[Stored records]

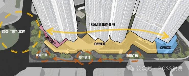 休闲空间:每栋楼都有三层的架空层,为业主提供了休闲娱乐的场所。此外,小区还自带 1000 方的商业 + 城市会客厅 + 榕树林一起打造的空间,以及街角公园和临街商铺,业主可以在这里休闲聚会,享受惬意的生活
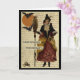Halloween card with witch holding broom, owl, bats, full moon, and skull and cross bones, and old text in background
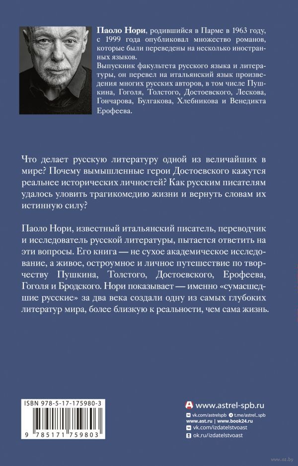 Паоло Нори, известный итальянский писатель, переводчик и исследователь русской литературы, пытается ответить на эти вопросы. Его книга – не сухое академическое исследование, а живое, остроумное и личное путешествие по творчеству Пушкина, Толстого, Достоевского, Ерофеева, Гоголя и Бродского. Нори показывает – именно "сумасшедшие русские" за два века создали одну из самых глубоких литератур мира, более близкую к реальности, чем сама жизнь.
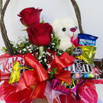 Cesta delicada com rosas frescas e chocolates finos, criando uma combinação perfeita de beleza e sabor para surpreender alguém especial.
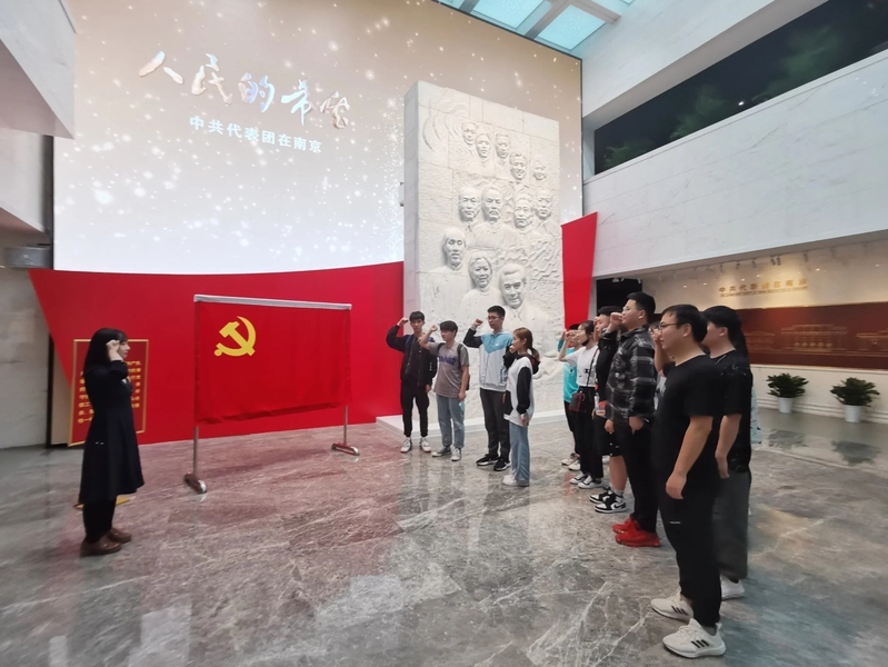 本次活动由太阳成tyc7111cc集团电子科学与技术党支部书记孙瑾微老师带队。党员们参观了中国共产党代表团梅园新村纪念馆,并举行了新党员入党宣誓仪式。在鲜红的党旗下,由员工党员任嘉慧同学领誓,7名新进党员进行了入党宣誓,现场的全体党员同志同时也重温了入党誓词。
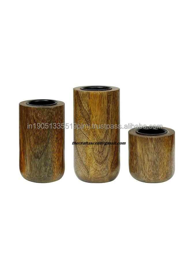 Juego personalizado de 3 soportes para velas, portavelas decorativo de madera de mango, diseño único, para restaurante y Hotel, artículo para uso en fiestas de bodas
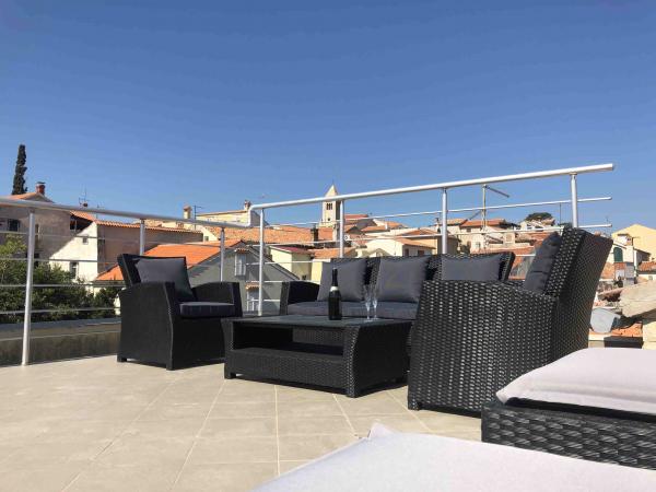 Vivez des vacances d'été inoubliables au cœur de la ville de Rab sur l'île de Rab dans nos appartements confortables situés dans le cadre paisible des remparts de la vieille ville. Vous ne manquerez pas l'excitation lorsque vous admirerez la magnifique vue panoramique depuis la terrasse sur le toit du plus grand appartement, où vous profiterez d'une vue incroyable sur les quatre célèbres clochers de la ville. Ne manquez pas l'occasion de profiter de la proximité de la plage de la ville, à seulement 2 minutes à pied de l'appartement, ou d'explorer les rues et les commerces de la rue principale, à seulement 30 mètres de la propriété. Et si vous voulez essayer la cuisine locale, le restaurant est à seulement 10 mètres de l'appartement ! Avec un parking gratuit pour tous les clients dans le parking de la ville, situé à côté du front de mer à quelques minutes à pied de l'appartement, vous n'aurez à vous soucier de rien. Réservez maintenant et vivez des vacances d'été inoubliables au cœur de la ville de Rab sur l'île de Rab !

§ **What is required**: Only one stretch of the data is wanted: write out exactly the lines from the one holding "Паоло Нори, известный" through the one holding "Juego personalizado de", both included, without the pictures.

§ **Response**:
 Паоло Нори, известный итальянский писатель, переводчик и исследователь русской литературы, пытается ответить на эти вопросы. Его книга – не сухое академическое исследование, а живое, остроумное и личное путешествие по творчеству Пушкина, Толстого, Достоевского, Ерофеева, Гоголя и Бродского. Нори показывает – именно "сумасшедшие русские" за два века создали одну из самых глубоких литератур мира, более близкую к реальности, чем сама жизнь.
 Cesta delicada com rosas frescas e chocolates finos, criando uma combinação perfeita de beleza e sabor para surpreender alguém especial.
 本次活动由太阳成tyc7111cc集团电子科学与技术党支部书记孙瑾微老师带队。党员们参观了中国共产党代表团梅园新村纪念馆,并举行了新党员入党宣誓仪式。在鲜红的党旗下,由员工党员任嘉慧同学领誓,7名新进党员进行了入党宣誓,现场的全体党员同志同时也重温了入党誓词。
 Juego personalizado de 3 soportes para velas, portavelas decorativo de madera de mango, diseño único, para restaurante y Hotel, artículo para uso en fiestas de bodas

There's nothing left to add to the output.